В класс возвращаюсь уже со звонком. Лелька поглядывает тайно на меня, скользит по моей новой одежке. В глазах ее – вопросы. Клянусь, там даже проявляются нотки тревоги. Но все это фальшь. Переживала бы она в самом деле, то никогда не бросила меня воевать в одиночку. Не дружба это.

Когда урок заканчивается, хватаю вещи. Быстро покидаю школу, тошнить начинает от этого места. Все приятные воспоминания перечеркнула пара негативных событий. Будто и не было ничего хорошего в этих стенах. Будто я всю жизнь ходила с меткой на лице: в нее можно плеваться, на нее можно наступить, ее можно сломать. Именно с такими мыслями окружающие начали смотреть на меня. Не было одиннадцати лет. Умерла Маша Уварова.

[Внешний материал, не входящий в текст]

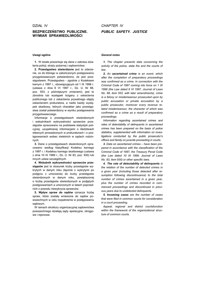 DZIAŁ IV CHAPTER IV BEZPIECZEŃSTWO PUBLICZNE. WYMIAR SPRAWIEDLIWOŚCI PUBLIC SAFETY. JUSTICE Uwagi ogólne General notes 1. W dziale prezentuje się dane z zakresu działania policji, straży pożarnej i sądownictwa. 2. Przestępstwo stwierdzone jest to zdarzenie, co do którego w zakończonym postępowaniu przygotowawczym potwierdzono, że jest przestępstwem. Przestępstwo - zgodnie z Kodeksem karnym z 1997 r., obowiązującym od 1 IX 1998 r. (ustawa z dnia 6 VI 1997 r., Dz. U. Nr 88, poz. 553, z późniejszymi zmianami), jest to zbrodnia lub występek ścigany z oskarżenia publicznego lub z oskarżenia prywatnego objęty oskarżeniem prokuratora, a nadto każdy występek skarbowy, których charakter jako przestępstwa został potwierdzony w wyniku postępowania przygotowawczego. Informacje o przestępstwach stwierdzonych i wskaźnikach wykrywalności sprawców przestępstw opracowano na podstawie statystyki policyjnej, uzupełnianej informacjami o śledztwach własnych prowadzonych w prokuraturach i o postępowaniach wobec nieletnich w sądach rodzinnych. 3. Dane o przestępstwach stwierdzonych opracowano według klasyfikacji Kodeksu karnego z 1997 r. i Kodeksu karnego skarbowego (ustawa z dnia 10 IX 1999 r., Dz. U. Nr 83, poz. 930) lub innych ustaw szczególnych. 4. Wskaźnik wykrywalności sprawców przestępstw jest to stosunek liczby przestępstw wykrytych w danym roku (łącznie z wykrytymi po podjęciu z umorzenia) do liczby przestępstw stwierdzonych w danym roku, powiększonej o liczbę przestępstw stwierdzonych w podjętych postępowaniach a umorzonych w latach poprzednich z powodu niewykrycia sprawców. 5. Wpływ spraw do sądów oznacza liczbę spraw, które zostały wniesione do sądów powszechnych w celu rozpatrzenia w postępowaniu sądowym. W ramach struktury organizacyjnej sądownictwa powszechnego działają sądy apelacyjne, okręgowe i rejonowe. 1. The chapter presents data concerning the activity of the police, state fire and the courts of law. 2. An ascertained crime is an event, which after the completion of preparatory proceedings was confirmed as a crime. In connection with the Criminal Code of 1997 coming into force on 1 IX 1998 (the Law dated 6 VI 1997, Journal of Laws No. 88, item 553, with later amendments), crime is a felony or misdemeanour prosecuted upon by public accusation or private accusation by a public prosecutor, moreover every revenue related misdemeanour, the character of which was confirmed as a crime as a result of preparatory proceedings. Information regarding ascertained crimes and rates of detectability of delinquents in ascertained crimes has been prepared on the basis of police statistics, supplemented with information on investigations conducted by the public prosecutor‘s offices and family on juvenile proceeding in courts. 3. Data on ascertained crimes – have been prepared in accordance with the classification of the Criminal Code of 1997, the Treasury Penal Code (the Law dated 10 IX 1999, Journal of Laws No. 83, item 930) or other specific laws. 4. The rate of detectability of delinquents is the relation of the number of detected crimes in a given year (including those detected after resumption following discontinuance) to the total number of crimes ascertained in a given year, plus the number of crimes recorded in commenced proceedings and discontinued in previous years due to undetected delinquents. 5. Incoming cases are the number of cases that were filed in common courts for consideration in a court proceeding. Appeal, regional and district courtsfunction within the framework of the organizational structure of common courts. PUBLIC SAFETY - JUSTICE 6. Sądy apelacyjne rozpatrują sprawy odwoławcze od orzeczeń wydanych w pierwszej instancji przez sądy okręgowe. Do sądu apelacyjnego wpływają sprawy z kilku sądów okręgowych (od 3 do 7), objętych obszarem jego właściwości. 7. Sądy okręgowe rozpatrują w pierwszej instancji sprawy, gdy ustawa tak stanowi oraz w drugiej instancji odwołania od orzeczeń sądów rejonowych. Nie wszystkie sądy okręgowe rozpoznają sprawy gospodarcze oraz z zakresu prawa pracy i ubezpieczeń społecznych. 8. Sprawą załatwioną jest sprawa, w której wydano wyrok, postanowienie lub w której postępowanie zawieszono lub połączono ją z inną sprawą albo przekazano do innego rodzaju sądu lub organu. Zgodnie ze zmianami w zasadach rejestracji spraw w sądach, wprowadzonymi zarządzeniem Ministra Sprawiedliwości z dnia 12 XII 2003 r. w sprawie organizacji i zakresu działania sekretariatów sądowych oraz innych działów administracji sądowej (Dz. Urz. Ministerstwa Sprawiedliwości z dnia 31 XII 2003 r., z późniejszymi zmianami) sprawy zawieszone od dnia 1 I 2004 r. nie są już traktowane jako załatwione. W przypadku występowania w sprawie kilku osób uważa się ją za załatwioną, gdy dotyczy to wszystkich osób. Liczba spraw do załatwienia jest sumą spraw niezałatwionych w latach poprzednich i spraw, które wpłynęły w danym roku. 9. Sprawy rodzinne obejmują postępowanie: 1) z zakresu prawa rodzinnego i opiekuńczego; 2) dotyczące nałożenia na alkoholików obowiązku poddania się leczeniu odwykowemu; 3) wobec nieletnich w zakresie: a) zapobiegania i zwalczania demoralizacji w stosunku do osób, które nie ukończyły 18 lat, b) postępowania w sprawach o czyny karalne w stosunku do osób, które dopuściły się takiego czynu po ukończeniu 13 lat, ale nie ukończyły 17 lat, c) wykonywania środków wychowawczych lub poprawczych w stosunku do osób, względem których środki te zostały orzeczone, nie dłużej jednak niż do ukończenia przez te osoby 21 lat; 4) w związku z leczeniem narkomanów; 5) w sprawie kontroli umieszczania w zakładach lecznictwa psychiatrycznego. Tryb postępowania wobec nieletnich przed sądem (pkt. 3a i 3b) wynika z ustawy z dnia 26 X 1982 r. o postępowaniu w sprawach nieletnich (jednolity tekst, Dz. U 2002 Nr 11, poz. 109,

Дома меня встречает Аллочка. В коротких шортиках, едва прикрывающих ее ягодицы, в майке с вырезом на полгруди, и волосы уложены, словно только из салона. Мы с ней как Гусеница и Принцесса: две безумно разные ягоды.

– Боже мой! – показушно вздыхает мачеха, которая мне в подружки годится.

– Он на небе, ты адресом ошиблась, – скидываю обувь и иду на кухню. Хотя лучше бы в душ. Смыть с себя всю грязь и, если можно, воспоминания.

– Маша, ты себя в зеркало видела? Это что за вид вообще такой? Ты нашу семью позоришь, алло!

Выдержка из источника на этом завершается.